Written By:
lprent - Date published:
10:52 pm, July 6th, 2015 - 20 comments
Categories: bill english, tax, wages -
Tags: it's the economy stupid, The Economist
A few weeks ago, The Economist led with this paragraph.
THE struggle has been long and arduous. But gazing across the battered economies of the rich world it is time to declare that the fight against financial chaos and deflation is won. In 2015, the IMF says, for the first time since 2007 every advanced economy will expand. Rich-world growth should exceed 2% for the first time since 2010 and America’s central bank is likely to raise its rock-bottom interest rates.
But anyone who has been through the start of a few downturns knows the feeling that is circling around the world at present. It isn’t that of successfully slaying the dragon and walking away to find the partner of your dreams.
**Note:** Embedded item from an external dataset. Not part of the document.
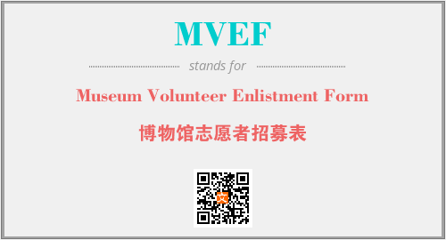 英文缩略词“MVEF”经常作为“Museum Volunteer Enlistment Form”的英文缩写来使用,中文表示:“博物馆志愿者招募表”。本文将详细介绍英文缩写词MVEF所代表英文单词,其对应的中文拼音、详细解释以及在英语中的流行度。此外,还有关于缩略词MVEF的分类、应用领域及相关应用示例等。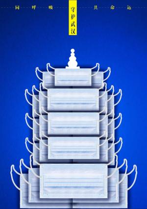 《守护武汉》作品以“心系武汉,抗击疫情”为主题,在创意的表现上,选择了最能代表武汉地域特色的黄鹤楼为元素,将医用口罩与标志性建筑重构,表现出了心系武汉,为武汉加油,增强全民抗“疫”的决心和信心。

Jon Berkeley caught the mood for the Economist perfectly…
However, the global economy still faces all manner of hazards, from the Greek debt saga to China’s shaky markets. Few economies have ever gone as long as a decade without tipping into recession—America’s started growing in 2009. Sod’s law decrees that, sooner or later, policymakers will face another downturn. The danger is that, having used up their arsenal, governments and central banks will not have the ammunition to fight the next recession. Paradoxically, reducing that risk requires a willingness to keep policy looser for longer today.
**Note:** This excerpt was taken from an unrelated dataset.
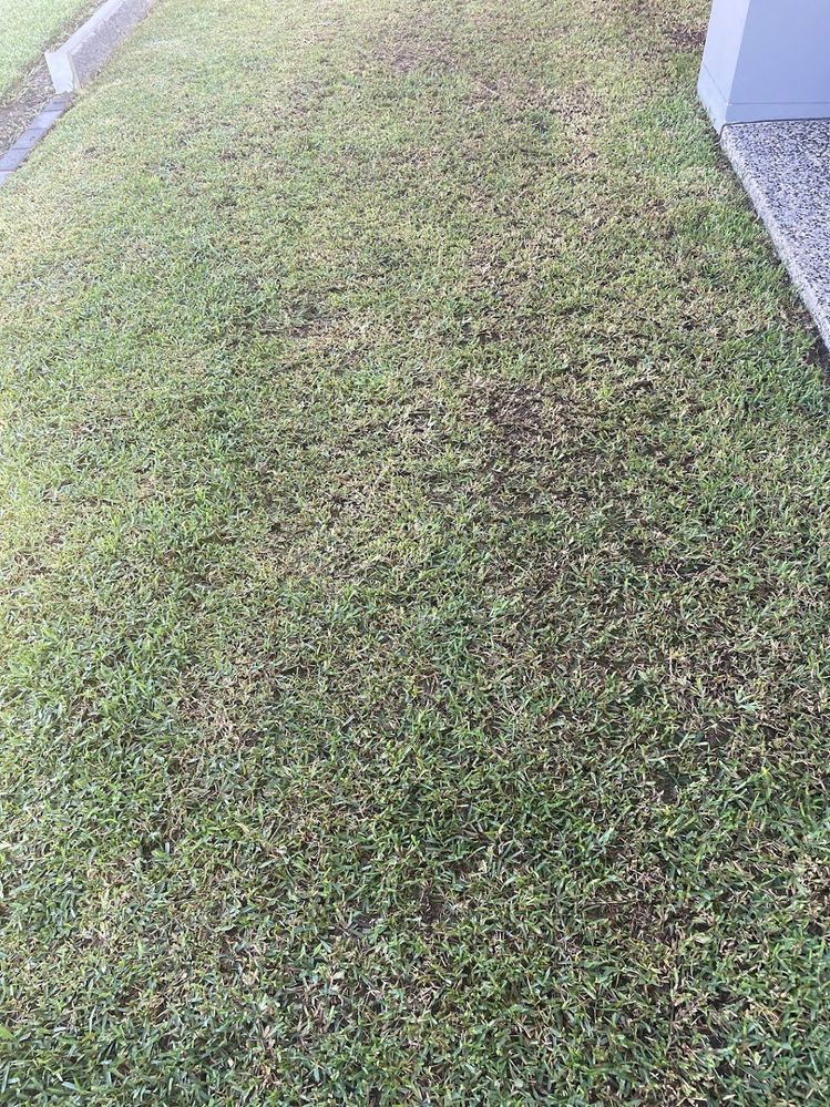 The brown patches on your buffalo lawn could be due to a few possible causes, especially given the mix of healthy and affected areas. Given your recent lawn starter and seaweed solution application, the issue is less likely to be nutrient-related and more likely linked to soil conditions, pests, or disease. One common cause in your area is lawn grub or armyworm, which can cause significant damage to buffalo grass.

In the rich world in particular (including New Zealand), this has been a wageless recovery. For the majority of workers, they have been getting bugger all wage rises, usually less than the nominal rates of inflation and certainly less than their cost of living. The increasing prevalence of casual work like the “zero hour” contracts and unpaid “internships” is a symptom of the issue. And it is only now starting to turn in some countries.
The good news comes mainly from America, which leads the rich-world pack. Its unexpected contraction in the first quarter looks like a blip, owing a lot to factors like the weather (see article). The most recent data, including surging vehicle sales and another round of robust employment figures, show that the pace of growth is rebounding. American firms took on 280,000 new workers last month. Bosses are at last having to pay more to find the workers they need.
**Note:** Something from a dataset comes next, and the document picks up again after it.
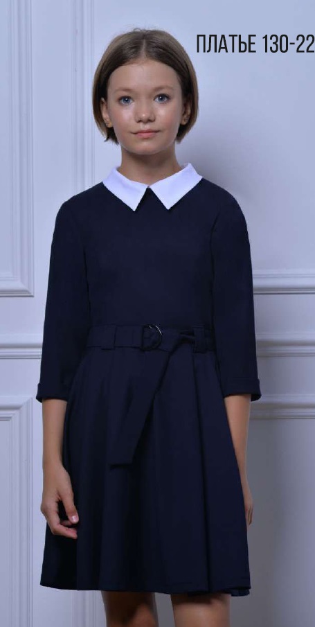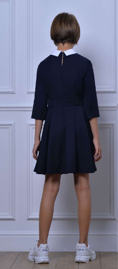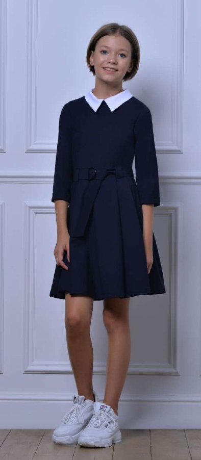 Платье для девочки отрезное по линии талии. Рукав 3/4. Юбка расклешенная в складку. Шлевки. Ремень из основной ткани, в комплекте. Воротник съемный. Модель выполнена из ткани габардин.

This is about 7 years after the global financial crisis took hold. It is much the same here. Ordinary wages took five years after the GFC before they exceeded the level reached at the GFC. See “Recent Wealth and income trends in New Zealand” from Alan Johnson at The Salvation Army. Their rise since has been somewhat constrained despite a relatively low (by European and US standards) unemployment rate.
On the cost side, the costs that the wages pay for has been kept creeping up despite the usage of saving devices. I have particularly noticed our power bill s creeping up even as we put in power saving devices that reduce what we consume.
Meanwhile looking offshore, the countries and areas that we market to or have influence on the state of our markets don’t look good. The Economist leader article nails the issue
Inevitably fragilities remain. Europe is deep in debt and dependent on exports. Japan cannot get inflation to take hold. Wage growth could quickly dent corporate earnings and valuations in America. Emerging economies, which accounted for the bulk of growth in the post-crisis years, have seen better days. The economies of both Brazil and Russia are expected to shrink this year. Poor trade data suggest that Chinese growth may be slowing faster than the government wishes.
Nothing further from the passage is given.